Earth Might Have Had Rings Like Saturn, Leading to Craters and Ice Age During the Ordovician Period
TL;DR
Scientists suggest that during the Ordovician period, Earth may have had rings similar to Saturn’s, formed by debris from a broken asteroid. Over millions of years, this debris “rained” down on Earth, causing meteor impacts near the equator. The shadow of the rings might have also contributed to the Hirnantian glaciation, an intense global cooling period, leading to a mass extinction. This hypothesis adds new complexity to our understanding of how extraterrestrial events could have shaped Earth’s ancient climate.
We’re all familiar with the appearance of Earth. Carl Sagan famously referred to it as the “pale blue dot.” It’s a small, rocky planet with a moon, a thin atmosphere, some land, and vast oceans.

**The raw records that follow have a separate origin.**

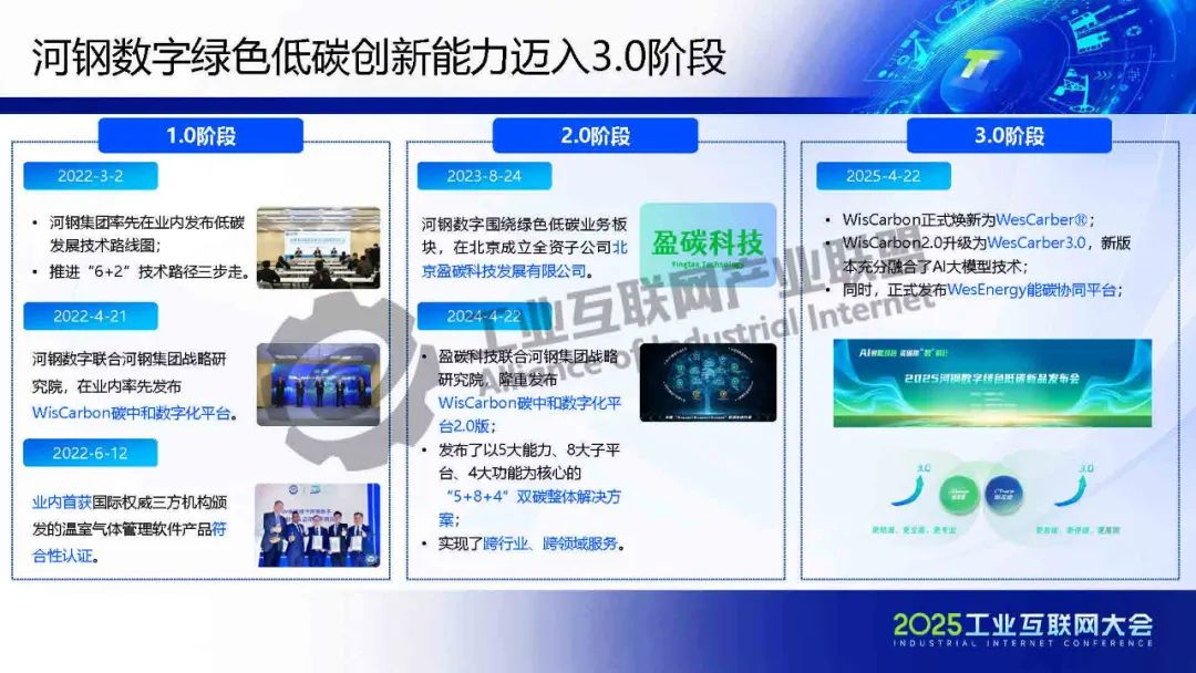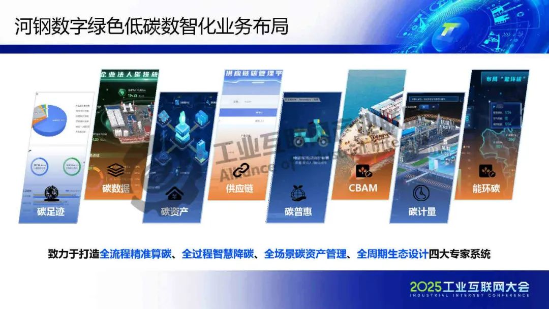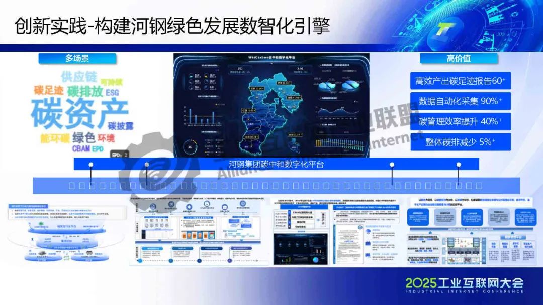 5月22日,在2025工業(yè)互聯(lián)網(wǎng)大會“工業(yè)數(shù)字化綠色化協(xié)同轉(zhuǎn)型專題活動”上,工業(yè)互聯(lián)網(wǎng)產(chǎn)業(yè)聯(lián)盟碳達(dá)峰碳中和工作組副主席、河鋼數(shù)字綠色低碳事業(yè)部常務(wù)副總經(jīng)理、北京盈碳科技發(fā)展有限公司副總經(jīng)理苗海濤發(fā)表了《數(shù)智平臺賦能企業(yè)綠色低碳高質(zhì)量發(fā)展》的主題演講。
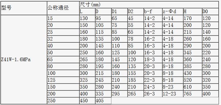四、不銹鋼法蘭閘閥主要外形尺寸和連接尺寸(mm):
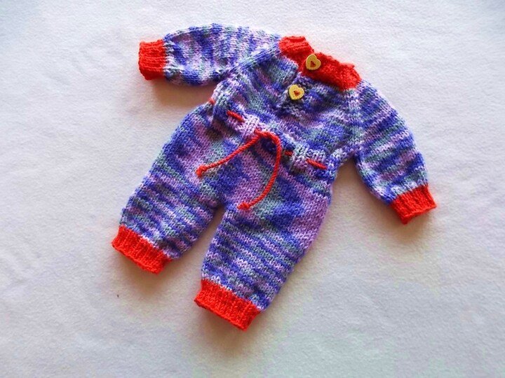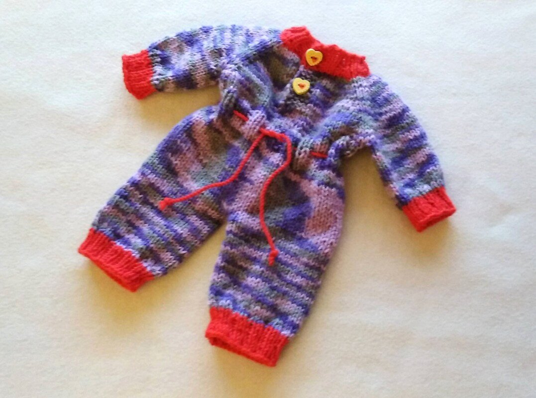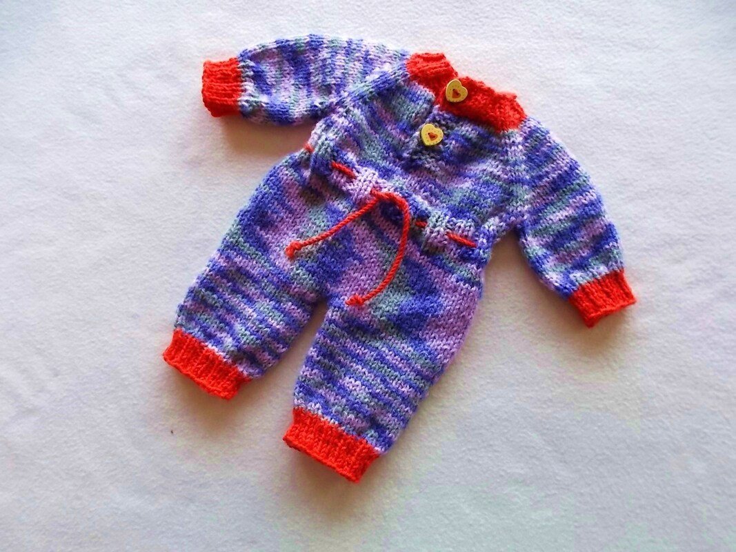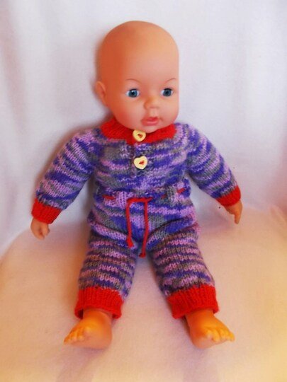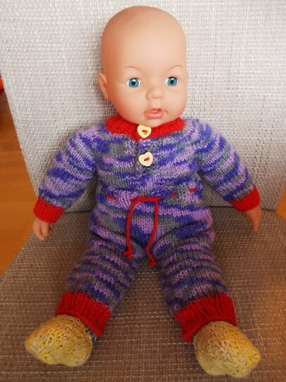 Der (lila melierte) Puppen-Overall hat hier folgende Maße:

However, Earth has gone through many transformations over its history. It’s been hot and fiery, extremely cold, and even without its moon. It was also in chaos after a massive collision with another space rock.
And—according to a study published recently in Earth and Planetary Science Letters—during the Ordovician period, Earth might have had rings. Yes, really.
The researchers developed this hypothesis by studying Earth’s ancient geology—specifically what it would have looked like during the Ordovician period through geological reconstructions. And what they discovered was unusual.
The research team identified 21 meteor impact craters from around 460 million years ago, all located within 30 degrees of the equator. This is particularly odd, as most of Earth’s land lies outside that narrow region, making it highly unusual to have so many impacts in one spot.
The most logical explanation for this, the researchers suggest, is that Earth once had a ring system that slowly dropped debris onto the planet. “Over millions of years,” said Andy Tomkins, the lead author of the study from Monash University, “material from this ring gradually fell to Earth, creating the spike in meteorite impacts observed in the geological record. We also see that layers in sedimentary rocks from this period contain extraordinary amounts of meteorite debris.”
Rings around planets can form in various ways, but the scientists believe Earth’s potential ring would have been created by the planet’s gravity pulling apart a nearby asteroid. This happens when an object, like an asteroid or moon, crosses into a planet’s Roche limit, where tidal forces overpower the object’s gravity, breaking it apart. The resulting debris can form a ring around the planet.
But such a ring wouldn’t last forever. The gravitational pull would continue, causing pieces of the ring to fall, or “rain,” onto the planet’s surface. Saturn’s rings, for example, are slowly “raining” out of orbit and are expected to disappear in around 100 million years.
This gradual ring “rain” could explain the craters. Since rings tend to form around equators, if Earth had rings and debris fell, we’d expect a pattern of equatorial impact craters like those found in this study.
And there’s more. “What makes this finding even more intriguing,” Tomkins noted, “is the potential climate implications of such a ring system.”
The period of these impacts coincides with the Hirnantian glaciation, also known as the Hirnantian Icehouse, a time of intense cold on Earth. This period saw glaciers form, sea levels drop, and a mass extinction event, the second largest in Earth’s history. According to the study, this was the coldest period in the past 540 million years.
The researchers suggest that the shadow cast by a ring system could have contributed to this intense global cooling. “The idea that a ring system could have influenced global temperatures,” Tomkins explained, “adds a new layer of complexity to our understanding of how extra-terrestrial events may have shaped Earth’s climate.”
Of course, this remains just a hypothesis. More research will be required to confirm these findings. Still, this study offers a fresh perspective on Earth’s history, potentially providing new insights into the planet’s past and helping us better understand the world we live in today.